🤖 AI Summary
To address the challenges of target-reference ambiguity under multi-anchor queries and spatial description inconsistency across viewpoints in 3D visual grounding, this paper proposes a structured multi-view decomposition framework. The method explicitly models target-anchor relationships via a relation disentanglement module, designs a multi-view text-scene interaction mechanism, and introduces shared cross-modal view tokens to enable fine-grained alignment between textual descriptions and 3D scenes. Its key contribution lies in decomposing spatial reasoning into two orthogonal subtasks—relation modeling and viewpoint harmonization—thereby enhancing cross-view semantic stability.
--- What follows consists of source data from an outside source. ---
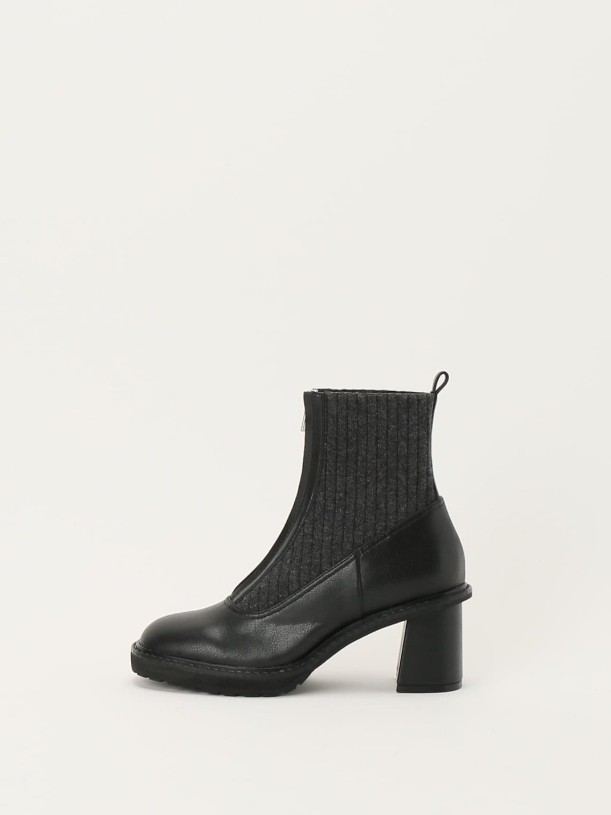 6cmレザーオブリークフィットショートブーツ / GRISE
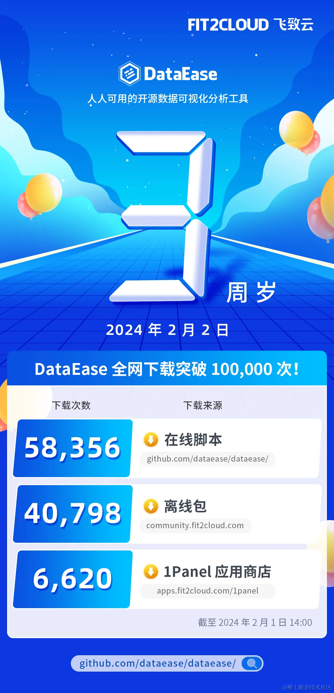 DataEase开源项目三周岁生日快乐!全网下载超过100,000次!
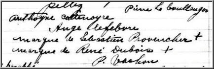 Pierre Leboulanger, sieur de St.Pierre, est le témoin d’Anthoyne qui signe au contrat de mariage. C’est lui qui à nouveau signe comme témoin le lendemain l’acte de mariage à l’église du Cap. Il est désigné comme marchand bourgeois et selon le recensement de 1681, il possédait alors 6 bêtes à cornes, 12 moutons et une terre de 60 arpents en valeur. Michel Langlois rapporte dans son article sur Anthoyne Cottenoyre qu’il lui devait en 1690 la rondelette somme de « 1013 livres et 1 sol ».
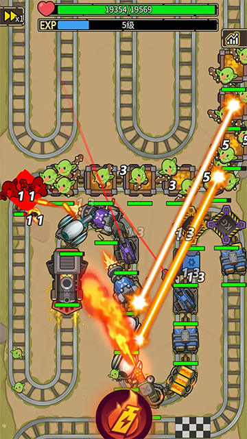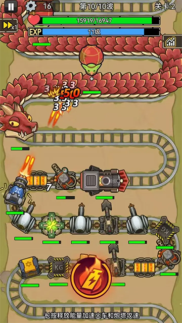 打破传统塔防的静态防御模式,火车既是炮塔的移动载体,车头还能作为攻坚武器正面撞击敌人。而且火车加速后能联动提升炮塔攻速,形成速度与火力相辅相成的对战效果,玩家需在推进和火力间做好平衡。

Extensive experiments demonstrate substantial improvements over state-of-the-art methods on benchmark datasets including ScanRefer and SR3D, particularly for queries involving multiple visually similar anchors or complex spatial relations, where localization accuracy increases markedly.
📝 Abstract
3D visual grounding aims to identify and localize objects in a 3D space based on textual descriptions. However, existing methods struggle with disentangling targets from anchors in complex multi-anchor queries and resolving inconsistencies in spatial descriptions caused by perspective variations. To tackle these challenges, we propose ViewSRD, a framework that formulates 3D visual grounding as a structured multi-view decomposition process. First, the Simple Relation Decoupling (SRD) module restructures complex multi-anchor queries into a set of targeted single-anchor statements, generating a structured set of perspective-aware descriptions that clarify positional relationships. These decomposed representations serve as the foundation for the Multi-view Textual-Scene Interaction (Multi-TSI) module, which integrates textual and scene features across multiple viewpoints using shared, Cross-modal Consistent View Tokens (CCVTs) to preserve spatial correlations. Finally, a Textual-Scene Reasoning module synthesizes multi-view predictions into a unified and robust 3D visual grounding. Experiments on 3D visual grounding datasets show that ViewSRD significantly outperforms state-of-the-art methods, particularly in complex queries requiring precise spatial differentiation.